## Source data

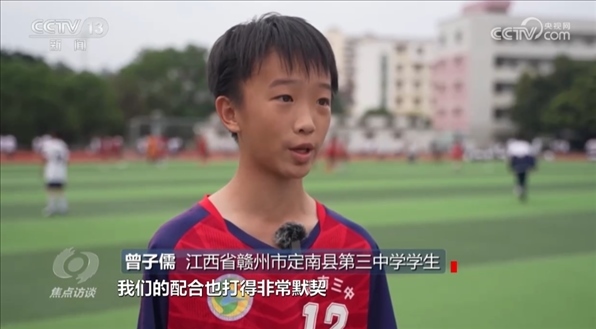 江西省贛州市定南縣第三中學(xué)學(xué)生曾子儒:“踢足球之前自己體弱多病,身體素質(zhì)比較差,別提去踢這么一場激烈的足球比賽,就是讓我圍著操場跑一圈都?xì)獯跤酢!?br>
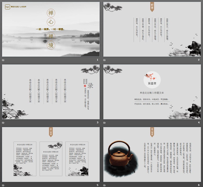 幻灯片模板使用了淡雅水墨山水画作为背景,搭配金色圆圈框起来的禅心、禅境文字,很好的体现禅意主题。
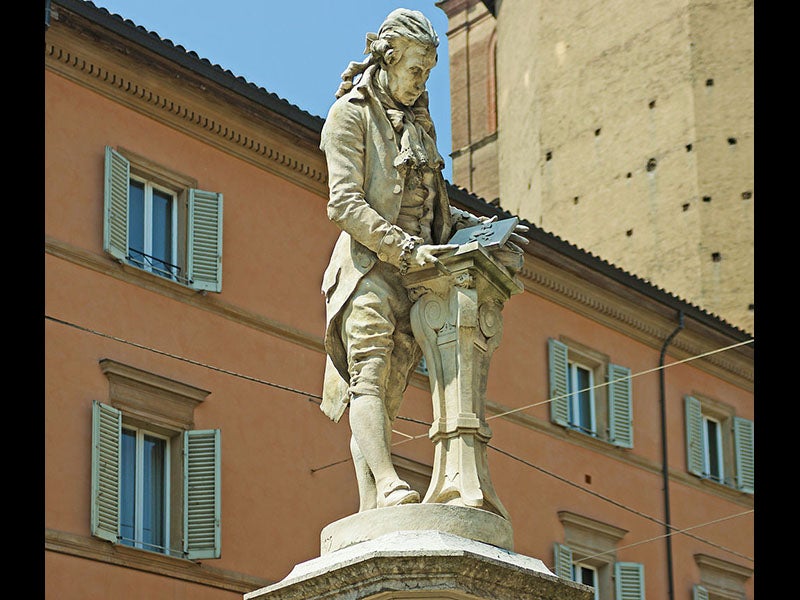 A statue of Galvani, admiring a frog, stands in Piazza Luigi Galvani in Bologna (fifth image).
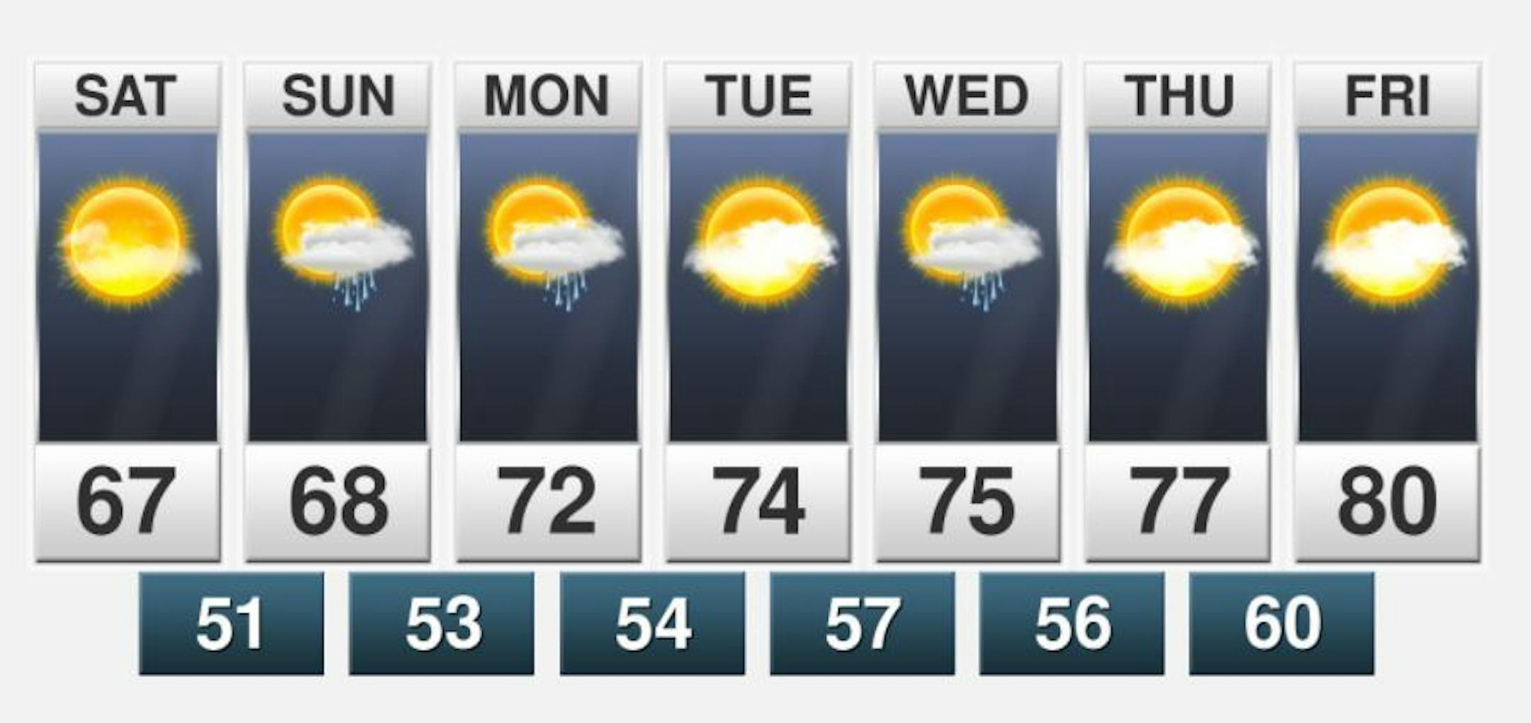 Here's the simulated radar from 7AM Saturday to 1AM Monday. Saturday will start on a dry and mostly sunny note with spotty showers/storms developing later in the day. The best chance of rain appears to be overnight Saturday into Sunday morning with another round of showers/storms developing PM Sunday.

## To do
Repeat the data exactly, without the pictures.

## Answer to the problem
 江西省贛州市定南縣第三中學(xué)學(xué)生曾子儒:“踢足球之前自己體弱多病,身體素質(zhì)比較差,別提去踢這么一場激烈的足球比賽,就是讓我圍著操場跑一圈都?xì)獯跤酢!?br>
 幻灯片模板使用了淡雅水墨山水画作为背景,搭配金色圆圈框起来的禅心、禅境文字,很好的体现禅意主题。
 A statue of Galvani, admiring a frog, stands in Piazza Luigi Galvani in Bologna (fifth image).
 Here's the simulated radar from 7AM Saturday to 1AM Monday. Saturday will start on a dry and mostly sunny note with spotty showers/storms developing later in the day. The best chance of rain appears to be overnight Saturday into Sunday morning with another round of showers/storms developing PM Sunday.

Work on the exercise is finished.